Start of Listed entries

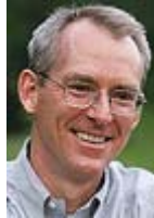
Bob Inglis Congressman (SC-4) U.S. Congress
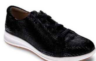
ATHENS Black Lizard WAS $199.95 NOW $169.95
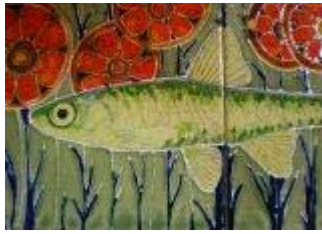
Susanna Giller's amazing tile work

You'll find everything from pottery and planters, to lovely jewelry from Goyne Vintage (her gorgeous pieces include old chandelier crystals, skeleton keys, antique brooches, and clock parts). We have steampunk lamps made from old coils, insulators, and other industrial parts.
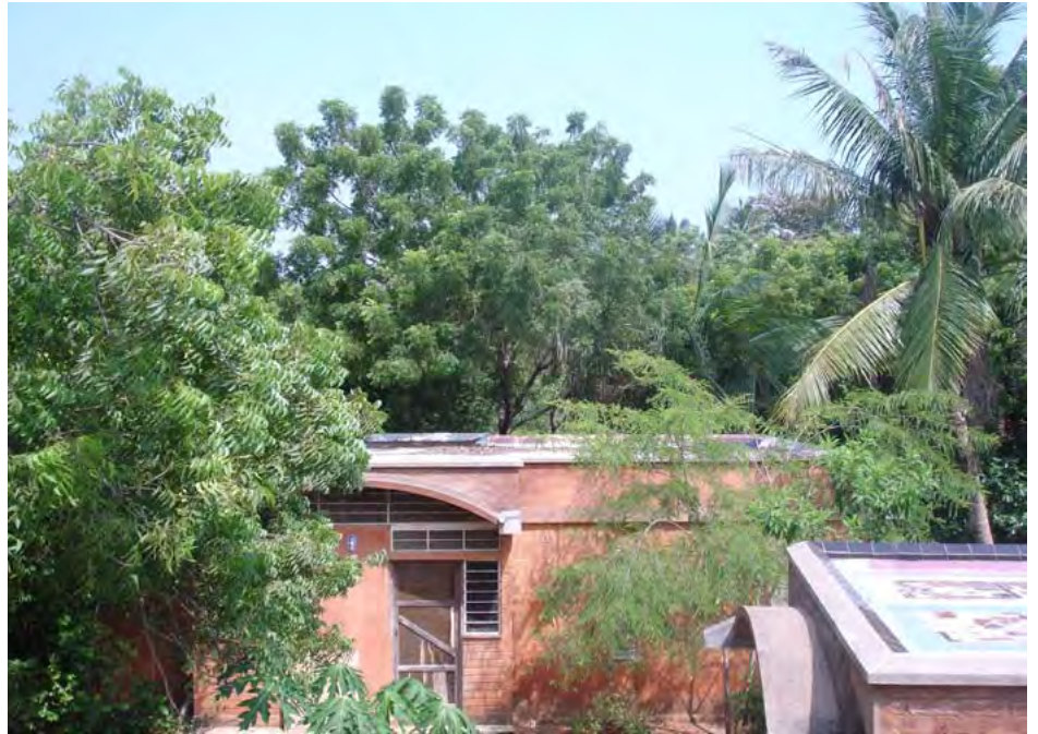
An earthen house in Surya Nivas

End of Listed entries

◆ Description of the task ◆
Please output the data above exactly as given, omitting every picture.

◆ Answer section ◆
Bob Inglis Congressman (SC-4) U.S. Congress
ATHENS Black Lizard WAS $199.95 NOW $169.95
Susanna Giller's amazing tile work

You'll find everything from pottery and planters, to lovely jewelry from Goyne Vintage (her gorgeous pieces include old chandelier crystals, skeleton keys, antique brooches, and clock parts). We have steampunk lamps made from old coils, insulators, and other industrial parts.
An earthen house in Surya Nivas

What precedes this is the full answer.